Common Knowledge, Regained
Yannai A. Gonczarowski, Yoram Moses
TL;DR
This paper introduces a new definition of common knowledge that relaxes the simultaneity requirement in dynamic settings with timing frictions, resolving the Halpern--Moses paradox while preserving key implications of CK. It defines CK through time-invariant events tied to locally observed events and derives an Induction Rule, co-occurrence, and reachability tools to prove CK can emerge in finite time even when traditional CK cannot. The authors prove an agreement theorem in this dynamic setting and show that CK under the new definition characterizes equilibrium behavior in coordinated-attack games, unifying seemingly disparate equilibria. The framework extends to applications in dynamic coordination and equilibria analysis, with potential implications for distributed computing, online platforms, and mechanism design, while acknowledging limitations such as probabilistic delivery and suggesting directions for further work on probabilistic CK notions. CK under this approach is thus powerful yet robust to asynchrony, providing a principled foundation for reasoning about shared knowledge and coordinated action in realistic, time-frictioned environments.
Abstract
For common knowledge to arise in dynamic settings, all players must simultaneously come to know it has arisen.
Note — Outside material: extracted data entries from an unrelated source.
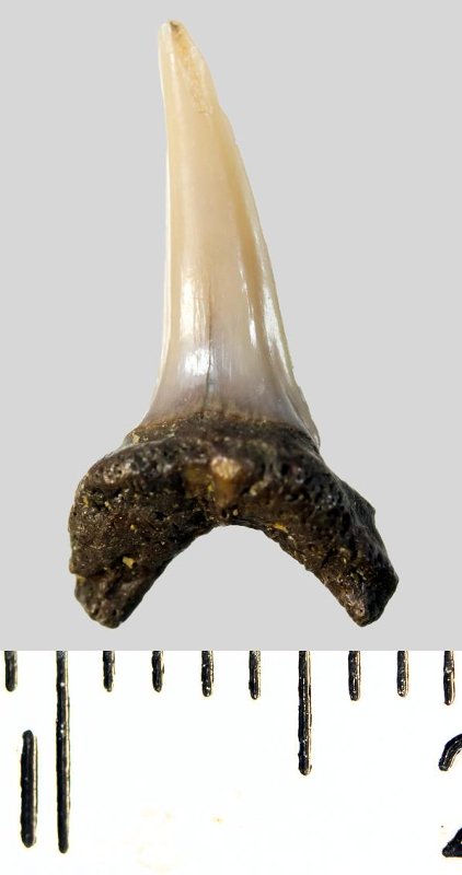 Зуб. Акула. Eostriatolamia subulata (Agassiz, 1843). Классификация: Хордовые Chordata, Позвоночные Vertebrata, Хрящевые рыбы Chondrichthyes, Пластиножаберные Elasmobranchii, Акулы Selachii, Ламнообразные Lamniformes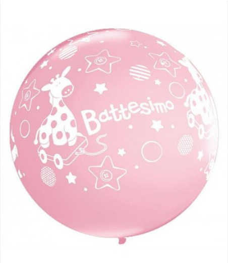 PALLONCINI LATTICE 3' STAMPATI QUALATEX BATTESIMO FIORI ROSA 2 PZ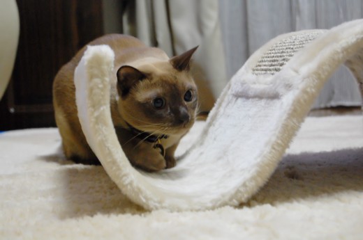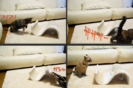 この通りバリバリと爪を研いだり、潜ってみたり~楽しげに遊んでました(´▽`)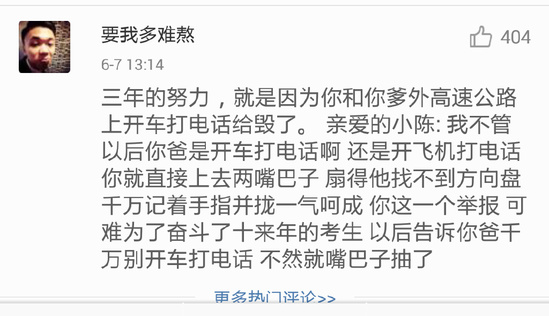 @要我多難熬:三年的努力,就是因為你和你爹在高速公路上開車打電話給毀了。 親愛的小陳:我不管以后你爸是開車打電話啊 還是開飛機打電話 你就直接上去兩嘴巴子 扇得他找不到方向盤 千萬記著手指并攏一氣呵成 你這一個舉報 可難為了奮斗了十來年的考生 以后告訴你爸千萬別開車打電話 不然就嘴巴子抽了。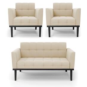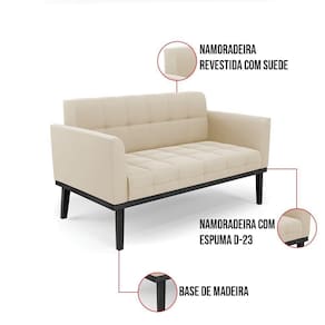 Sofá Namoradeira E 2 Poltronas Base De Madeira Preto Elisa Suede D03 - D'rossi Cor Bege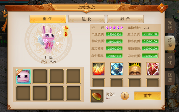 使用魄之石对宠物进行重生,会洗掉宠物的强化效果和属性。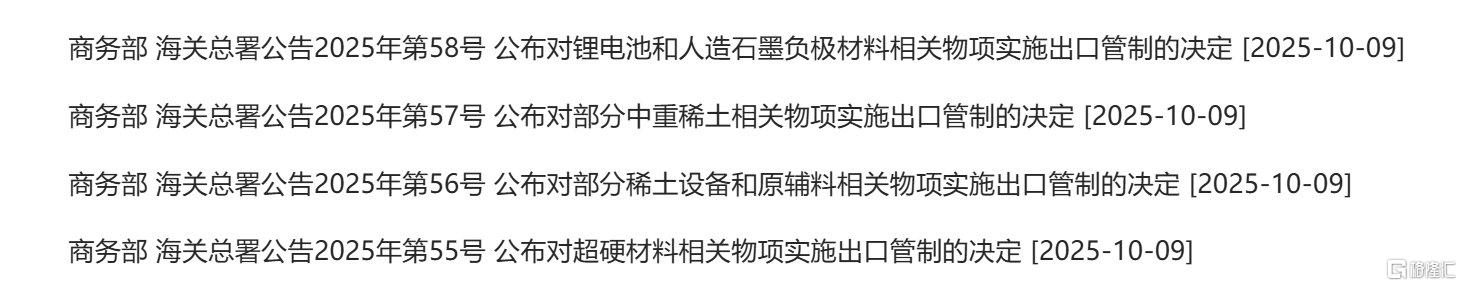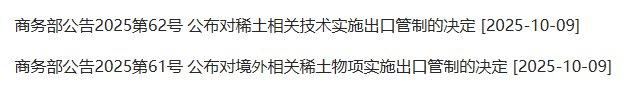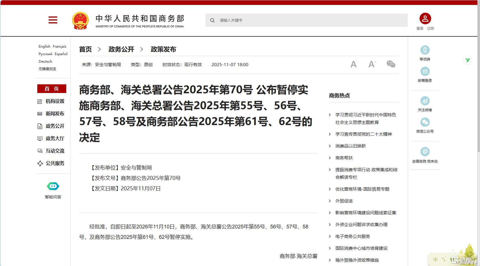 11月7日,据商务部网站,经批准,自即日起至2026年11月10日,商务部、海关总署公告2025年第55号、56号、57号、58号,及商务部公告2025年第61号、62号暂停实施。公告涉及暂停实施相关出口管制措施,具体包括超硬材料、部分稀土设备和原辅料、锂电池和人造石墨负极材料、部分中重稀土等相关物项。
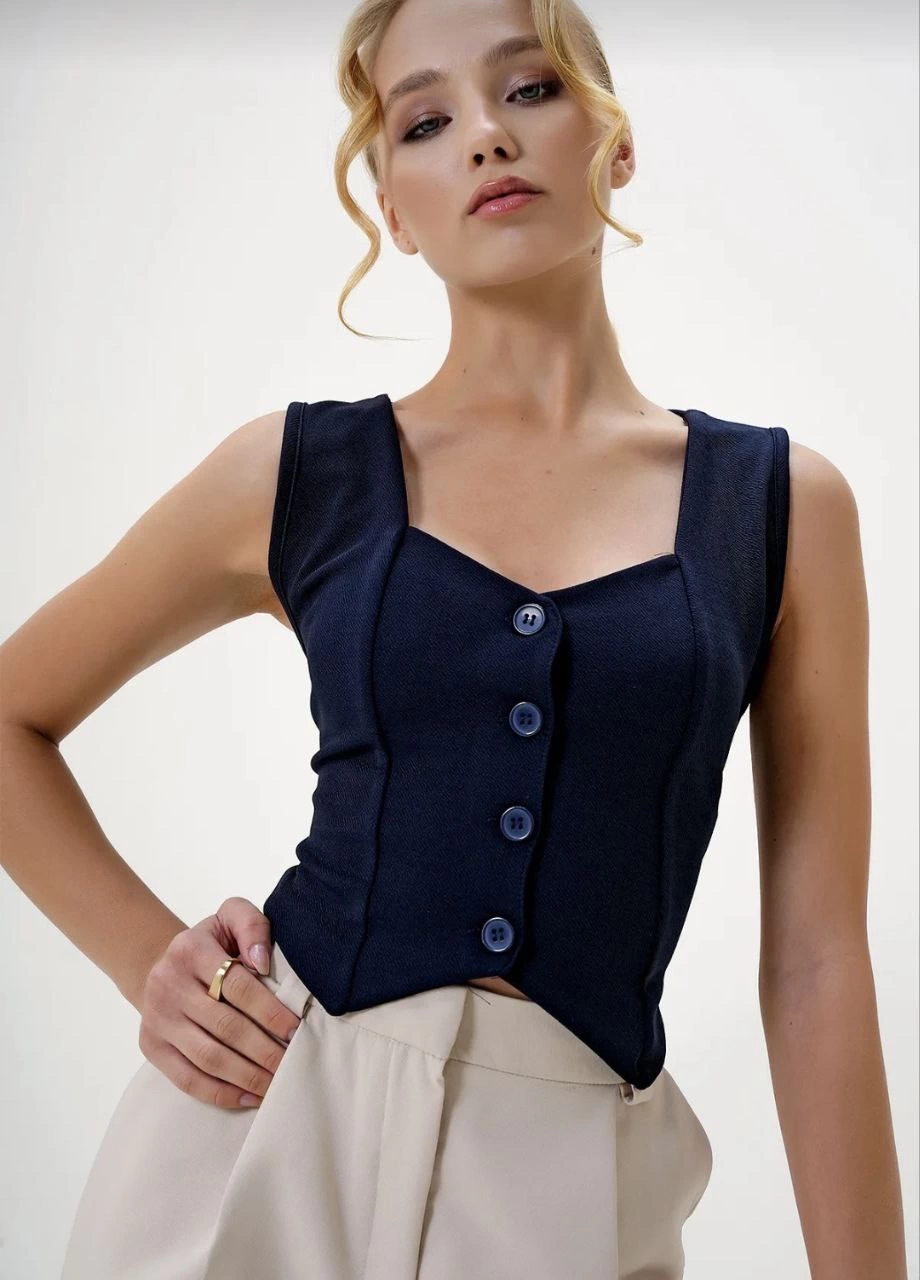 Krep kumaş düğmeli yelek lacivert s3395 (Beden: XL)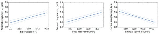 The relationship between the normal roughness μn and the factors is depicted in Figure 4. From the graph, it is evident that the normal roughness increased in a linear fashion as the fiber angle increased. This observation implied that the surface formed by isotically cutting (θ = 0°) bamboo fibers is smoother, compared to the surface formed by transversely cutting (θ = 90°) bamboo fibers. Furthermore, Figure 5 shows that the normal roughness exhibited a linear increase with an increase in feed rate and a decrease in spindle speed. This finding aligned with the conclusions drawn from our previous studies on the circumferential milling performance of wood [].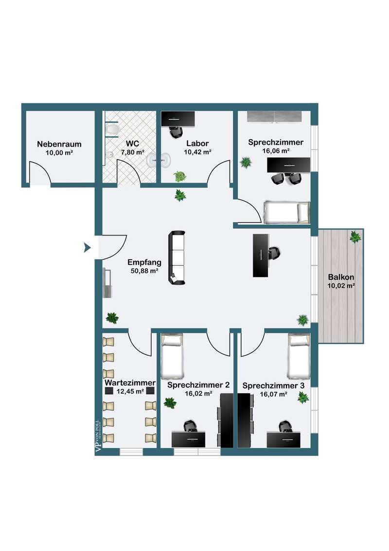 Here you have the unique opportunity to rent commercial space / practice in the newly built KfW 40 medical center. The building is scheduled for completion in 2026. The individual design of the property offers you a lot of freedom. Thanks to the very well thought-out room layout, the unit is suitable for both commercial premises and a practice. This new KfW 40 building includes 8 residential units and 4 commercial units. Almost anything is possible here: you could even rent an additional apartment and expand your commercial unit. Your new commercial unit of almost 140 m² welcomes you and your customers/patients in a modern, sustainable and energy-saving design. The approximately 51 m² reception area creates a friendly atmosphere. Here you have the opportunity to take a pleasant break on the adjoining balcony or simply enjoy the fresh air. From the reception area, you have direct access to 6 of the 7 rooms. The first room, measuring around 12.5 m², is ideal as a waiting room or individual office. The other room with approx. 16 m² can be used as a consultation room for your patients or as an office for your employees. Two additional rooms of a similar size can also be used as offices or consulting rooms. All 4 office or consultation rooms have natural light sources and fresh air supply through triple-glazed plastic windows with optimum thermal insulation. The unit also offers two further rooms that are ideal for use as laboratories or archives. Both rooms have an area of approx. 10 m² each. There is also a WC of around 8 m² in the commercial unit. Your new commercial unit is also characterized by modern vinyl parquet flooring and an attractive appearance. A ventilation system ensures a perfect feel-good atmosphere - for you, your employees and your customers. The practice is easily accessible via an elevator. The commercial unit is located on the top floor of the building. To reduce operating costs, the building is equipped with a modern photovoltaic system, which helps to reduce energy costs. A rough estimate of the ancillary costs is around € 300 per month. There are 5 parking spaces available for your customers.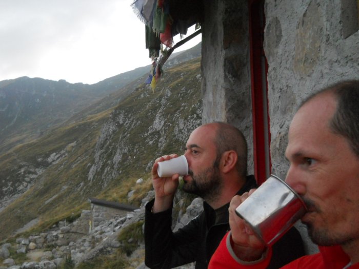 Conosciamo Vittorio della baita Comolli, brindisi vari e ci salutiamo, poi ce ne andiamo a consumare l'ottima cenetta.
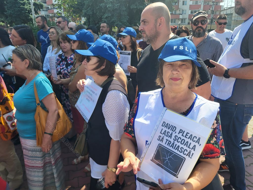 Protestatarii i-au cerut și demisia ministrului Daniel David. Pe o pancartă au scris: ”David, pleacă! Lasă școală să trăiască!”, iar pe alta ”Mai bine o demisie cu demnitate decât o funcție cu rușine!”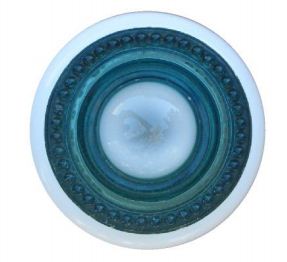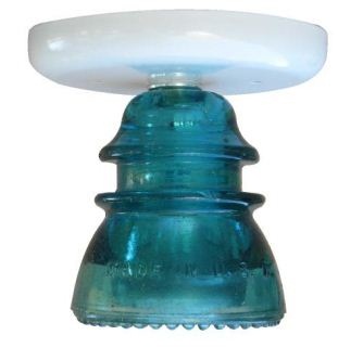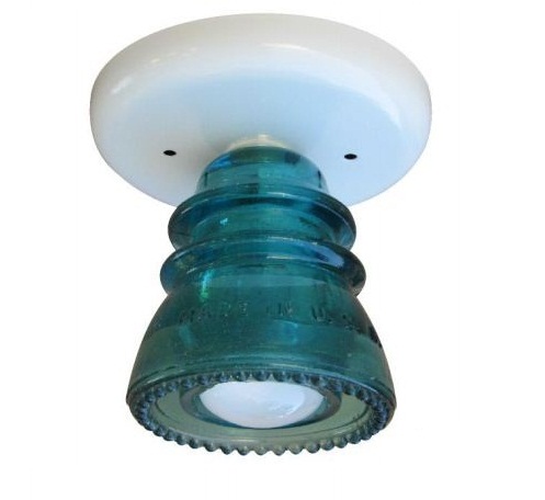 Now considered collectible items, they are again found useful in this ceiling mounted light. Made from your choice of either a blue or clear insulator, this part has been carefully cleaned, polished, drilled, and installed as part of this interesting light fixture.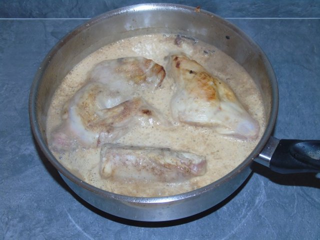 Retire la tapa 1/4 hora antes del final para reducir la salsa girando los trozos de conejo.

Consequently, common knowledge cannot arise in many realistic settings with timing frictions. This counterintuitive observation of Halpern and Moses (1990) was discussed by Arrow et al. (1987) and Aumann (1989), was called a paradox by Morris (2014), and has evaded satisfactory resolution for four decades. We resolve this paradox by proposing a new definition for common knowledge, which coincides with the traditional one in static settings but is more permissive in dynamic settings. Under our definition, common knowledge can arise without simultaneity, particularly in canonical examples of the Haplern-Moses paradox. We demonstrate its usefulness by deriving for it an agreement theorem à la Aumann (1976), showing it arises in the setting of Geanakoplos and Polemarchakis (1982) with timing frictions added, and applying it to characterize equilibrium behavior in a dynamic coordination game.